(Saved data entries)
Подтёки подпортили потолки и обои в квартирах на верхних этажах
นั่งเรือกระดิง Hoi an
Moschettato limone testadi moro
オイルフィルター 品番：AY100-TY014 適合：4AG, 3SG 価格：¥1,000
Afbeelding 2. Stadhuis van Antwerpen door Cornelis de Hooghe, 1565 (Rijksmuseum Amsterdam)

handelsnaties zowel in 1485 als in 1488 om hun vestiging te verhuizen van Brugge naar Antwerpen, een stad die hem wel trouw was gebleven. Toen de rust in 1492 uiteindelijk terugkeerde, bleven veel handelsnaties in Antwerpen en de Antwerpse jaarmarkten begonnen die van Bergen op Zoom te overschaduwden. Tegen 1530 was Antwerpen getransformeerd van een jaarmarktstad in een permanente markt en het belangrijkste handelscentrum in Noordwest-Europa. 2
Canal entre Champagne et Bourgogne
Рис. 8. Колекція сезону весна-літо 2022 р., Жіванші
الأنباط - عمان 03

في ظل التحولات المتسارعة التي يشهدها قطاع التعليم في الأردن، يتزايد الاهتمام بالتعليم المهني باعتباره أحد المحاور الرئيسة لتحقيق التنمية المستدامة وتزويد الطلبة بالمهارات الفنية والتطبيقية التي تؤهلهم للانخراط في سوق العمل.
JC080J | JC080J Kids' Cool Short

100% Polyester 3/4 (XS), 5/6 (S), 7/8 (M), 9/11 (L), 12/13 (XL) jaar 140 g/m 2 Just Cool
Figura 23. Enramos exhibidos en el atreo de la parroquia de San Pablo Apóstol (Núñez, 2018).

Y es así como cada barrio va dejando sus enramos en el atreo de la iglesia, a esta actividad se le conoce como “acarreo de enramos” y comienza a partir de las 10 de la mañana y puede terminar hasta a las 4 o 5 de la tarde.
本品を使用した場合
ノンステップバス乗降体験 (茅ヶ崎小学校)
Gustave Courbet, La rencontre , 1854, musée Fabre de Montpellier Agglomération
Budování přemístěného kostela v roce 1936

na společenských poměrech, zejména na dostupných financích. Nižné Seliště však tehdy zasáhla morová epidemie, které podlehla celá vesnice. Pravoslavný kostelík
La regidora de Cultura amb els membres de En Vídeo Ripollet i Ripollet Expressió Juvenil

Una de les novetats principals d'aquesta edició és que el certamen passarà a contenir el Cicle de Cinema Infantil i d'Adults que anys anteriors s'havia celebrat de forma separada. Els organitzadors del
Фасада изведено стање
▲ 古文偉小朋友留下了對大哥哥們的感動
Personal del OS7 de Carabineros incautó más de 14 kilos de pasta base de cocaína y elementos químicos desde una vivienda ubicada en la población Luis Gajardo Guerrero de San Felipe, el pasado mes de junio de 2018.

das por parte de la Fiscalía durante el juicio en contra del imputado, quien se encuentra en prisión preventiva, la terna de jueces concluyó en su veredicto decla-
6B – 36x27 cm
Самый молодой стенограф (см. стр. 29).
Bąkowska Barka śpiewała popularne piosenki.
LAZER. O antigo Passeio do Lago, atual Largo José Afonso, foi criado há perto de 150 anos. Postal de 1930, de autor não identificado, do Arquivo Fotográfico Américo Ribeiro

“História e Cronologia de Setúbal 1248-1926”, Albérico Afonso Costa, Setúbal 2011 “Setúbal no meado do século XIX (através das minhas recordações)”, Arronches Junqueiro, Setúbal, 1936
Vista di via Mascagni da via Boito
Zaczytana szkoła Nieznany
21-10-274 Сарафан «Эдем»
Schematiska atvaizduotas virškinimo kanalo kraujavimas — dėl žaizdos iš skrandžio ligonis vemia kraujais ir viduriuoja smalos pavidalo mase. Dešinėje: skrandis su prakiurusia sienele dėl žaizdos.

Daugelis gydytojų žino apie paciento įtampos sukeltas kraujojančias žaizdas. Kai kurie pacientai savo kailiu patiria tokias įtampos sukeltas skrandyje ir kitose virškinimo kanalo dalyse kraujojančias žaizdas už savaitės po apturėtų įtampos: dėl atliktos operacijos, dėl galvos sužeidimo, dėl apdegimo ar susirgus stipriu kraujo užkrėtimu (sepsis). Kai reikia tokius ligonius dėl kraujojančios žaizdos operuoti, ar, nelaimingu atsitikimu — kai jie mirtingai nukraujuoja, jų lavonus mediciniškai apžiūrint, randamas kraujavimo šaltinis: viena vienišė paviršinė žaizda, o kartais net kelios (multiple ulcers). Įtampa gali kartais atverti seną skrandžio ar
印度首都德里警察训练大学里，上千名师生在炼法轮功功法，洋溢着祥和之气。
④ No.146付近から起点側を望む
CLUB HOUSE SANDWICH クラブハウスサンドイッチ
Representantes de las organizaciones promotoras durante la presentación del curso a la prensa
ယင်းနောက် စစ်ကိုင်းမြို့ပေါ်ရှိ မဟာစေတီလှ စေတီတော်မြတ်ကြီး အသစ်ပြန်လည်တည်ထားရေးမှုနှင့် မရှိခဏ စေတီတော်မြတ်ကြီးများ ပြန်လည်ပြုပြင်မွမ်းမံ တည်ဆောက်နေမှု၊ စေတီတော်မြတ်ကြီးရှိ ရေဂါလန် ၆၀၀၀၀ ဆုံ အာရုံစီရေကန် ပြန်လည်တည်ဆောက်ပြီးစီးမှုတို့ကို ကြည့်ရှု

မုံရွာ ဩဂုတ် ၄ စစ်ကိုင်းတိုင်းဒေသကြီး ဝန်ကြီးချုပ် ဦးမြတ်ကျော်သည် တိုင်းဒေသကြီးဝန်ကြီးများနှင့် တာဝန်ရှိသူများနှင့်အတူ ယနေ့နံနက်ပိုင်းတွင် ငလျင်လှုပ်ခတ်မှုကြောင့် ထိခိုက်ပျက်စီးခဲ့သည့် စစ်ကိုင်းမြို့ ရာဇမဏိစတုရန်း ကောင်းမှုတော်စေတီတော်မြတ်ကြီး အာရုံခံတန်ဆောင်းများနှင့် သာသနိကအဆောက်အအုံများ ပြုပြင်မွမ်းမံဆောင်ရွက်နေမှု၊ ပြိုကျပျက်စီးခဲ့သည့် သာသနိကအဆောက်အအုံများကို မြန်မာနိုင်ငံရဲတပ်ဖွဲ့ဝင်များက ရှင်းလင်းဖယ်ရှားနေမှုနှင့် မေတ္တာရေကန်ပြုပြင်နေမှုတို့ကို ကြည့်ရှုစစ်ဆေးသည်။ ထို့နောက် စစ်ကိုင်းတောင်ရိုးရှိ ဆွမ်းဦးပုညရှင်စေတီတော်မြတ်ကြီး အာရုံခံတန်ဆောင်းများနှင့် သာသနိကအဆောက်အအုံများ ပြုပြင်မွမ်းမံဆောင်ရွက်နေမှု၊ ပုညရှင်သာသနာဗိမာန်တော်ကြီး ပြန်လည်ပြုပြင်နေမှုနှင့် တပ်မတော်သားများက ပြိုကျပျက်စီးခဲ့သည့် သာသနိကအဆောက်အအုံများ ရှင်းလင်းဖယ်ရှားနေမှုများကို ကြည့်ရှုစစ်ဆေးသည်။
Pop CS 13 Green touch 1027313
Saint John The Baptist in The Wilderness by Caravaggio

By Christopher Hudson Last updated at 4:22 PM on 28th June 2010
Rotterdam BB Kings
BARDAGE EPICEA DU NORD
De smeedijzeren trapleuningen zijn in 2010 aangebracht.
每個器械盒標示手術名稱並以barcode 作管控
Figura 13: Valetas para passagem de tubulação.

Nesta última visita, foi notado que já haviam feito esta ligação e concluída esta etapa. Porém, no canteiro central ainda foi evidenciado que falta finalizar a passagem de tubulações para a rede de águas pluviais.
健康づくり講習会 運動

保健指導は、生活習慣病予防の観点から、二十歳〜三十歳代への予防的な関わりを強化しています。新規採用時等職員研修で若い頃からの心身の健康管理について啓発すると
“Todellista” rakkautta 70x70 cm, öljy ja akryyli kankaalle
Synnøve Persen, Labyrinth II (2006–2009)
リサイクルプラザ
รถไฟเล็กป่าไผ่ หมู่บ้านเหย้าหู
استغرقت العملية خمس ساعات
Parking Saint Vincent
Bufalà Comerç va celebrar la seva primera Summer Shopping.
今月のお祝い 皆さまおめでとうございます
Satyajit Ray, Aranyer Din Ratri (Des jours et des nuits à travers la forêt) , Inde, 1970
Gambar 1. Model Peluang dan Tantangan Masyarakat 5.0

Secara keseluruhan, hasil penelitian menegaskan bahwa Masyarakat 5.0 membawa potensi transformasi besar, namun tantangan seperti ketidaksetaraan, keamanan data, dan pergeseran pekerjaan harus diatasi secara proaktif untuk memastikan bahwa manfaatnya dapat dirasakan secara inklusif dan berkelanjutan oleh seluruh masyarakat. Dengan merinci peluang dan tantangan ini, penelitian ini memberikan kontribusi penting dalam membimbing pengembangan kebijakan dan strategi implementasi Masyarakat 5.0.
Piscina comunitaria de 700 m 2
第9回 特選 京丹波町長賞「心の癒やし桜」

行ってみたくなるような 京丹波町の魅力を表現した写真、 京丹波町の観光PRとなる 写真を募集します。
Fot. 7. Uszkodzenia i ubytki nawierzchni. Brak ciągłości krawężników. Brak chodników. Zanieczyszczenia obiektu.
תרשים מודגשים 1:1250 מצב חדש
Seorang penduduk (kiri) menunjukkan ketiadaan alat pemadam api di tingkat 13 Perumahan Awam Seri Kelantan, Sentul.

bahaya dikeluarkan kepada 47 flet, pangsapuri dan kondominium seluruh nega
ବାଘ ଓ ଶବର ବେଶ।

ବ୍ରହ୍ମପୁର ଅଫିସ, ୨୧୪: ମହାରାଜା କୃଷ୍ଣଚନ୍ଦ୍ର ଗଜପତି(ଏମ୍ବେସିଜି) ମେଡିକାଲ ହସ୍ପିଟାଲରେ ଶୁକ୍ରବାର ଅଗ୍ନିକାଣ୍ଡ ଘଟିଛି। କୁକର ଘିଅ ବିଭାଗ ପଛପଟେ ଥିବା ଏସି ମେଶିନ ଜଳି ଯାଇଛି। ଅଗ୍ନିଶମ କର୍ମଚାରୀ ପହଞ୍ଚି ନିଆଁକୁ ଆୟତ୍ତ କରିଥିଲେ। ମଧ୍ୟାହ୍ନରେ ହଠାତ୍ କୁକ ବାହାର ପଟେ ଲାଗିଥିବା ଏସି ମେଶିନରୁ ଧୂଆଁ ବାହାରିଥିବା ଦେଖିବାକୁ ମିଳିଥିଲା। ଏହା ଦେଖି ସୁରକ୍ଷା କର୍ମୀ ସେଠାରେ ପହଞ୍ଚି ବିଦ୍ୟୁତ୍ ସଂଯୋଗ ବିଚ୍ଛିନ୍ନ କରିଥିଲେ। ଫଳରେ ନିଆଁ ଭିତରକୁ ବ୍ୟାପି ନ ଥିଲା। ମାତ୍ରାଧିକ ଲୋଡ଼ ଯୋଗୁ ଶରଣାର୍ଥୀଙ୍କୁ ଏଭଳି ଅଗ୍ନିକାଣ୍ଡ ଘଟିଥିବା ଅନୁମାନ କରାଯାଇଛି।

## What the exercise asks
Reproduce the entries above exactly, starting at their first line and finishing with the line that contains "Afbeelding 2. Stadhuis".

## Answer space
Подтёки подпортили потолки и обои в квартирах на верхних этажах
นั่งเรือกระดิง Hoi an
Moschettato limone testadi moro
オイルフィルター 品番：AY100-TY014 適合：4AG, 3SG 価格：¥1,000
Afbeelding 2. Stadhuis van Antwerpen door Cornelis de Hooghe, 1565 (Rijksmuseum Amsterdam)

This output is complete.